TASK ITEM: Using only the entries below, copy exactly the lines that begin at the one with "Porcelain tile: 12″" and end at the one with "Im Rahmen einer", both included. Drop the pictures.

MATERIAL SHOWN:
——

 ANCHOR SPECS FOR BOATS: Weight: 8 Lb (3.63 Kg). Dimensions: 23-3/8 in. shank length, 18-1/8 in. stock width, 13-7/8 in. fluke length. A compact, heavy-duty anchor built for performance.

——

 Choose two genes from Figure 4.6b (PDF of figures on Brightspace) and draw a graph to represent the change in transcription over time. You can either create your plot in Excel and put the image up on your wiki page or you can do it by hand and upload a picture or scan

——

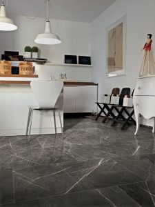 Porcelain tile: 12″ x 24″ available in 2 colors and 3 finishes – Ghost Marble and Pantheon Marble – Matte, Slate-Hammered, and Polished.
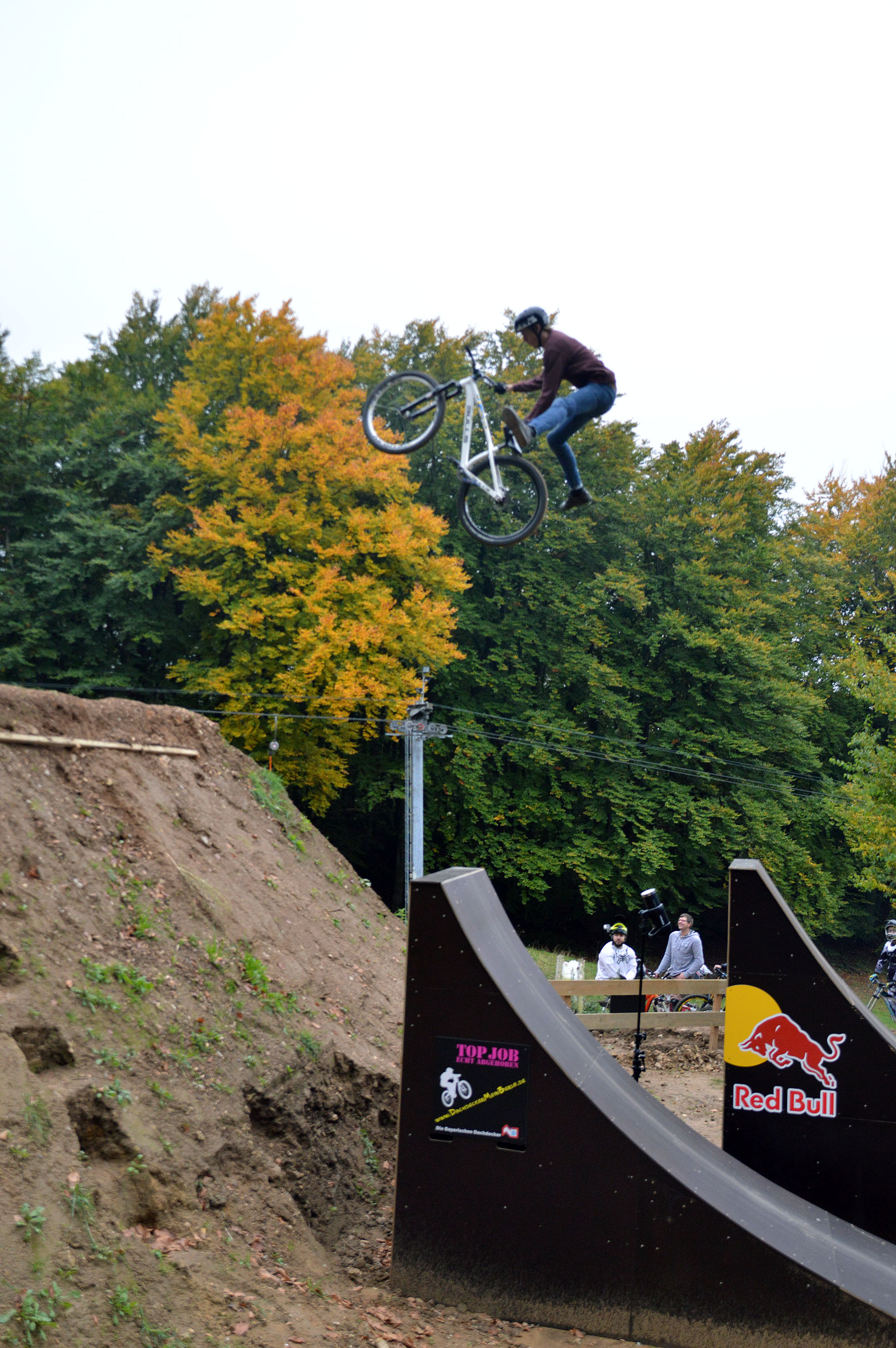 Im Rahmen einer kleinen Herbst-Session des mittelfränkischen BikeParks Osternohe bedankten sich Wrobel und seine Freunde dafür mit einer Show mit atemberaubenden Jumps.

——

SOLVED PROBLEM:
 Porcelain tile: 12″ x 24″ available in 2 colors and 3 finishes – Ghost Marble and Pantheon Marble – Matte, Slate-Hammered, and Polished.
 Im Rahmen einer kleinen Herbst-Session des mittelfränkischen BikeParks Osternohe bedankten sich Wrobel und seine Freunde dafür mit einer Show mit atemberaubenden Jumps.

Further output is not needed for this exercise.